Consent and Complicity

by | January 21, 2019 | General | 5 comments

A few days ago, Robert Buckley posted a biting critique of political correctness in publishing, especially in erotica. He cited a personal experience where an editor had labeled his climactic scene involving two people who had a sexual history as a rape because the woman had not explicitly given her consent to the encounter.

Bob was dumb-founded – and I would have been, too. Lovers don’t need to ask permission. Even in an erotic interlude between strangers, mutual attraction can often be assumed, signaled by behavioral cues. We are, after all, writing for adults, not children who need every detail spelled out.

Meanwhile, there are plenty of readers who enjoy stories involving dubious consent, or even completely non-consensual sex. You can wring your hands all you want, but survey after survey has documented the fact that many women have rape fantasies. Do these women actually want to be raped? Of course not. That doesn’t diminish the erotic charge associated with being “forced” to submit to sex.

One reason this fantasy is such a powerful aphrodisiac is that it relieves the woman of responsibility for sexual activity. If you’re coerced into having sex, nobody can label you as a slut. You can remain a good girl even as you’re enjoying the enormous cock (or cocks) pounding your holes.

Intellectually, I can understand the appeal of non-con fantasies, but this particular kink doesn’t really push my personal buttons. I can recall only one book I’ve written that had elements of dubious consent (Rajasthani Moon). The novel begins with the heroine being kidnapped, whipped and fucked by a sexy bandit. The whole scenario is intentionally very exaggerated, treated in a light-hearted manner. No one could possibly doubt that Cecily Harrowsmith, secret agent extraordinaire on a mission from Queen Victoria, is having an excellent time. In general, serious non-con does not float my boat.
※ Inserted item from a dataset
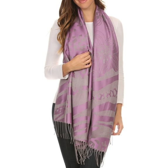 Sakkas Reiley Long Wide Floral Printed Patterened Fringe Pashmina Shawl / Scarf - Lavender / Grey - OSSakkas Reiley Long Wide Floral Printed Patterened Fringe Pashmina Shawl Scarf Lavender Grey OS

On the contrary, you might say I have a consent fetish. There are few things I find as arousing as explicitly agreeing to do something naughty. Even in a vanilla relationship, saying “yes” to passion is exciting and empowering. There’s always an element of risk in sex, emotional if not physical. When you overcome the fear and claim the pleasure, you reap incredible rewards.

Consent is even more potent in the context of dominance and submission. Nothing turns me on like a submissive agreeing to be tormented and used by a dominant. Admitting your deviant desires—taking responsibility for your own fantasies, twisted and taboo though they might be—scenes featuring this sort of dynamic never fail to get me wet.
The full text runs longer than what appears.